Task prompt:
With both ends included, repeat exactly the lines of the entries below from the one containing "ქირავდება 100 მ²" down to the one containing "Учащиеся 9 класса", and no others.

Extracted information:

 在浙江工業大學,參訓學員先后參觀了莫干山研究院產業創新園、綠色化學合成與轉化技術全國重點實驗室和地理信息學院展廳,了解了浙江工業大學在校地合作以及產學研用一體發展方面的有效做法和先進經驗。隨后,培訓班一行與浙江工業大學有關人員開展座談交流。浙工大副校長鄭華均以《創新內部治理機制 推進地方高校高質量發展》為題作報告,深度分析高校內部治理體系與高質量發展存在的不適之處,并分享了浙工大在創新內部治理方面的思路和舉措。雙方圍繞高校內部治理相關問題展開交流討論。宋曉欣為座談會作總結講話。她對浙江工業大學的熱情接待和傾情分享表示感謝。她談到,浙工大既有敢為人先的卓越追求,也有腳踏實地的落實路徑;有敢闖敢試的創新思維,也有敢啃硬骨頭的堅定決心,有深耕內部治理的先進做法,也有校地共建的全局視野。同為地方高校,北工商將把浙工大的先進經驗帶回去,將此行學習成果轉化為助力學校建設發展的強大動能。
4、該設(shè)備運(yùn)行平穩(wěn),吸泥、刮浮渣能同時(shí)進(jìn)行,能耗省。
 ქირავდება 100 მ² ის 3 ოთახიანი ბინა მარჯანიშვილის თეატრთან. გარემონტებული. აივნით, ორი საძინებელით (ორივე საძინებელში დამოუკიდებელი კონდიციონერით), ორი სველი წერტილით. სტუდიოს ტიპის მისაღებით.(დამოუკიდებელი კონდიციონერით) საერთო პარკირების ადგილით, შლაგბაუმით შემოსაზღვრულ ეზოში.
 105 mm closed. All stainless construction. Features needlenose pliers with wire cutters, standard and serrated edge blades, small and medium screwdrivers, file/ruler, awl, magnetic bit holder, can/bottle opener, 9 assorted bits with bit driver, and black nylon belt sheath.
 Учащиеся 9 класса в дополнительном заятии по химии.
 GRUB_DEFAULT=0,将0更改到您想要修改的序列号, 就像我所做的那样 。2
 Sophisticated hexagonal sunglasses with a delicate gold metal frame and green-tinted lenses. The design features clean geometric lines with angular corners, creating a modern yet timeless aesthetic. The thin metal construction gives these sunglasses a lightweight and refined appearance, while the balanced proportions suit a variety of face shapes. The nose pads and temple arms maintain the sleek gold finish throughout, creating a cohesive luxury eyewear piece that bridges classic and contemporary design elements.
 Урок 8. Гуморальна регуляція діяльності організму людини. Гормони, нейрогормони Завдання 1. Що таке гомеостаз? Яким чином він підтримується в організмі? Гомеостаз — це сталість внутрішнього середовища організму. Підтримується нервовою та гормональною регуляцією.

--

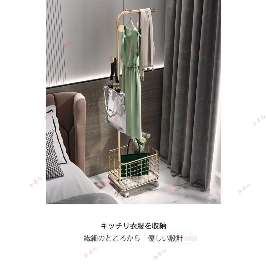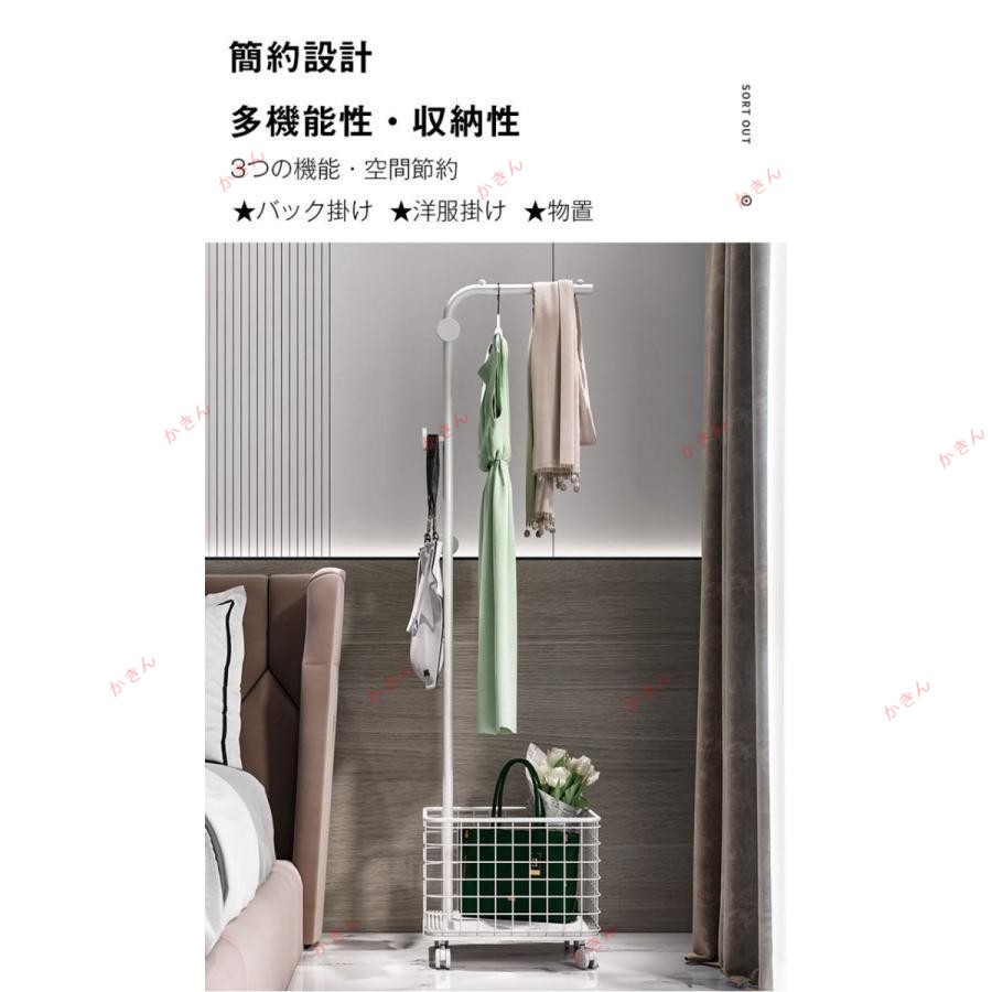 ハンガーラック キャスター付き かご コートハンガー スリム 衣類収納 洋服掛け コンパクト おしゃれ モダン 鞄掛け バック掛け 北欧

Response to the exercise:
 ქირავდება 100 მ² ის 3 ოთახიანი ბინა მარჯანიშვილის თეატრთან. გარემონტებული. აივნით, ორი საძინებელით (ორივე საძინებელში დამოუკიდებელი კონდიციონერით), ორი სველი წერტილით. სტუდიოს ტიპის მისაღებით.(დამოუკიდებელი კონდიციონერით) საერთო პარკირების ადგილით, შლაგბაუმით შემოსაზღვრულ ეზოში.
 105 mm closed. All stainless construction. Features needlenose pliers with wire cutters, standard and serrated edge blades, small and medium screwdrivers, file/ruler, awl, magnetic bit holder, can/bottle opener, 9 assorted bits with bit driver, and black nylon belt sheath.
 Учащиеся 9 класса в дополнительном заятии по химии.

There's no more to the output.